4 tips to help businesses survive & thrive beyond COVID-19
While the world is still very much in the throes of the coronavirus pandemic, its long-term impact on our lives has, arguably, become a little clearer. Businesses all over the world are beginning to consider how it will impact not only their revenues but, all aspects of their operations, notably where and how their employees will continue working in the long run.
With the global economy in a constant state of flux, entire industries are shifting to and from remote working arrangements and businesses are attempting to carry out vital processes in a continually changing environment. With the end date for this crisis so difficult, if not impossible, to predict, what practical measures can businesses take to succeed in this period of prolonged uncertainty?
Evaluating Your Office Structure
It’s fairly clear by now that remote work is both a viable option for many companies and a way to cut down on costs during this time of economic uncertainty. So much so, that the work-from-home template has caused many to reconsider investing in large and expensive office spaces altogether.
One viable option to reduce costs is the hub-and-spoke office model, in which employees generally work from home but have the option to regularly check in to a local office. This allows them to reconnect with colleagues face to face without needing to commute to a company headquarters, which may be much further away. Such a model has real benefits to companies who no longer need to rent large spaces in expensive cities and can instead take up smaller spaces in less expensive locations, closer to where clusters of their workforce lives.
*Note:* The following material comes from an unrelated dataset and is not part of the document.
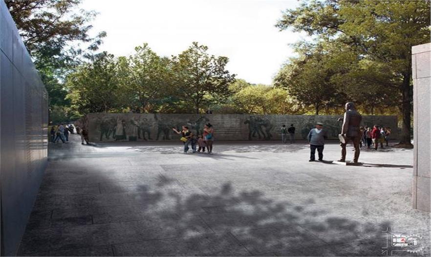 JW: 這包括幾個方面。我們設(shè)計的青銅浮雕墻,結(jié)合了戰(zhàn)爭時期的文本與圖像。南北面的墻壁上充斥著戰(zhàn)前的語錄、戰(zhàn)爭期間士兵們的日記和筆記以及戰(zhàn)爭之后的復(fù)蘇。公園東面墻上的浮雕圖像也是如此。它們都記述了美國從一個與世隔絕的國家,通過不斷強(qiáng)化,最后屹立于世界之林的轉(zhuǎn)變。但是,這個故事是通過人們的經(jīng)驗和這些人的人文表達(dá)來體現(xiàn)的。這在很大程度上印證了紀(jì)念一戰(zhàn)的主題。

As no one can accurately predict when businesses will be able to return to what was once normal operations, now is the time to examine whether investing in a hub-and-spoke model could be more beneficial.
Supporting Your Workforce
During such a difficult period throughout the world, and as routines are disrupted, it’s important for employers to make health and wellbeing a top priority. By having flexible policies in place for employees, particularly those with small children or elderly relatives, the work environment becomes supportive and inclusive. This approach can, and should, also be replicated in outward communications to customers, highlighting a culture that is understanding, professional and agile.
Businesses must remember that this is not a standard work-from-home environment. Many employees are in the dual role of worker and caregiver, and an understanding and responsive management style is critical to avoiding employee loneliness or burnout. At the same time, it’s critical for managers to stay connected to their employees to ensure workloads are managed correctly.
Some ways managers can do this is through regular check-ins with their team. It's important that remote employees know they have a range of ways to contact their managers and companies should invest in technologies, such as video chat and messaging applications, to make this easier. Project management software can also help teams collaborate and be aware of what each is working on and when, which can go a long way when each member is working more flexible hours than usual.
By thinking outside of the box, businesses can strengthen relationships with customers and build tighter bonds with suppliers and partners. For example, in the eCommerce world, we have seen Amazon preventing price increases on necessary medical supplies, to protect consumers. There are also examples of marketplaces easing policies to protect sellers in the case of delivery delays, and some have waived sellers’ refund fees to mitigate revenue losses at a time of increased consumer uncertainty.
Payoneer has worked with e-commerce merchants to help them identify new infrastructure partners and routes to market with their product or service. Additionally, it’s important for businesses to expand into new territories and build new partnerships and client rosters. There are a number of ways this can be done, including by branching out into new marketplaces, localising your website for different countries and investing in customer support to meet the needs of a more global customer base.
For freelancers, it's a good time to update your portfolio and work on your digital marketing skills to improve your chances of picking up more business. As noted in Payoneer’s recent freelance report, it’s a great time for the industry as companies realise the benefit of a more flexible workforce. Additionally, it’s important to reach out to past and current clients and enquire into opportunities they may have. Where demand slumped at the beginning of the pandemic, it is now rapidly increasing, and freelancers need to be proactive and up to speed to make the most of it.
As we navigate the uncertain waters of this world health epidemic, we face a stark reminder of the importance of planning ahead. Now is the time to ensure business continuity processes are in place, and that you are prepared, as much as possible, for the next unpredictable event.
To protect against particular markets or products struggling in a time of crisis, businesses can look to diversify risk by branching out into new markets and expanding their offerings. This applies to both the demand and the supply side of a business, and can help to spread the impact of potential losses. Certain new products might hold the key for driving revenue during a difficult time, or making changes to partners in the supply chain could ensure that stability is maintained for customers.
In summary, below are the key questions that decision makers need to be focused on if they are to reduce the impact of the coronavirus pandemic on their business:
Evaluating Your Office Structure – are you optimizing your office structure? Is now the time to consider alternative ways to manage your office’s day-to-day life?
Support Your Workforce– from the wellbeing of employees, to customer service and outward communications, how can you ensure you maintain a culture of understanding?
Adapt – what can you do to preserve relationships with customers and suppliers?
Diversify – can you identify an alternative product, solution or territory that would provide respite from the challenging economic climate?
These are undoubtedly unprecedented times but it’s always those who are prepared who will prosper.